Моцарт чувствовал себя, словно загнанным в комнату, где нет ни окон, ни дверей. И как искать выход? Как? Он никогда не делал ничего самостоятельно, чаще всего прося помощи у отца. Но ведь прошли годы, Вольфганг должен был уже давно выучиться на своих ошибках и начать принимать собственные решения. Именно так он и старался поступать по прибытию из Парижа в Зальцбург. Хотя нет, на пути в родительский дом Амадей успел заглянуть в Мюнхен к своей возлюбленной Алоизии Вебер. Только эта встреча закончилась на трагичной ноте, когда Вольфганга вновь втоптали лицом в грязь и задорно посмеялись. А ведь он любил Алоизию. Она была его первой, и как считал сам композитор, последней любовью в жизни. Она была такая хрупка, словно хрусталь, такая необычная, каких больше не встретишь на этом свете.
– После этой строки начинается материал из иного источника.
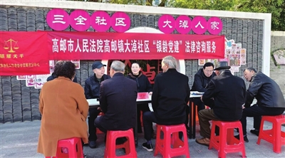 银耀天平映初心,发挥余热展风采。在中国传统节日“重阳节”到来之际,高邮法院机关党委会同离退休法院工作者协会分中心、离退休干部党支部在结对大淖社区开展“银耀天平”志愿服务活动,选派5名退休法官走进社区开展普法宣传,旨在通过退休法官的专业经验,为群众解疑释惑,帮助社区居民提升法律意识,推动法治社区建设。

И сейчас, где-то глубоко в душе Вольфганг до сих пор чувствовал эту любовь, которая больше походила на горечь от обиды и унижения, и вырывалась наружу лишь тогда, когда перед глазами композитора были ноты с той самой арией для девушки с хрустальным голосом.
После возвращения в Зальцбург Амадея ждала еще одна потеря. Потеря отца. Леопольд не желал разговаривать с сыном, обвиняя его в том, что именно он виновен в смерти Анны Марии. Сколько бы Вольфганг не умолял его выслушать, не просил прощения - все было напрасно. Суровый отец не желал слушать юного волнодумца, и Вольфганг понимал, что тепрь потерялся он, не только для общества, но и для себя. Как же он презирал себя целыми днями, даже не брал в руки скрипку, не садился за клавесин, а вскоре и вовсе начал уходить из дома, однако, глубокой ночью все равно возвращался. Просто он не хотел лишний раз попадаться на глаза отцу. Он боялся его. Боялся смотреть в эти глаза, такие грустные, словно из них высосали все эмоции, а из обладателя этих глаз - всю душу. Как же все-таки сильно Амадей оступился в своей жизни. Он, правда, пытался исправить ситуацию, но вскоре опустил руки.
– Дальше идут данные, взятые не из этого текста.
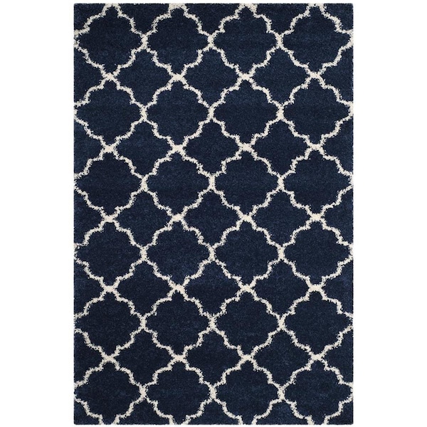 6 x 9 ft. Hudson Shag Power Loomed Rug, Navy & Ivory - Medium Rectangle

Последние несколько дней, когда он уходил из дома с сумкой с нотами на плече, композитор размышлял о том, что отец был прав, сказав однажды, что нужно бороться за себя, добиться того чего желаешь, что музыкант без определенного места - не музыкант. И он был прав, абсолютно прав. Моцарт часто переваривал в голове эти слова и сделал для себя один вывод - нужно снова уезжать. Куда на этот раз? В Вену! Втльфганг продолжал верить в то, что в Вене найдет себя, что поднимется на вершину своей музыки и сможет сделать так что Леопольд будет им гордиться!
Амадей направлялся домой. На улице было так темно, хоть глаз выколи. Юноша нервничал. Сегодня, прямо сейчас он собирался сказать отцу о том, что завтра вечером уезжает. Он уже наперед знал ответ Леопольда на это, что тут у него есть работа, пусть довольствуется теми композициями, которые заказывает ему Коллоредо, иначе вся семья обеднеет. Ну не хотел Моцарт младший быть на побегушках у этого чопорного архиепископа. Он уже грезил мечтами о том, как завтра сможет плюнуть ему в лицо и со сопокойной душой уехать в Вену. Но все-таки, Амадей хотел верить в лучшее, что отец, все же одобрит и поддержит сына. Вот сейчас мы это и узнаем...
Вольфганг поднимался по скрипучей лестнице, поправляя ворот своей черной рубашки, так как после приезда из Парижа Амадей носил только черное. Композитор увидел, как из комнаты отца выходит Наннерль, его старшая сестренка, которую юноша безумно любил. Видимо, она только что уложила Леопольда спать. Ну ничего. Зная привычки своего отца, Амадей уверен, что тот долго не уснет, а будет какое-то время любоваться на портет своей покойной жены, Анны-Марии Моцарт. Как же ее не хватало всей семье. Как же без нее опустел этот дом. Как же обидно, что теперь никто не поддержит глупые идеи Вольфганга Моцарта...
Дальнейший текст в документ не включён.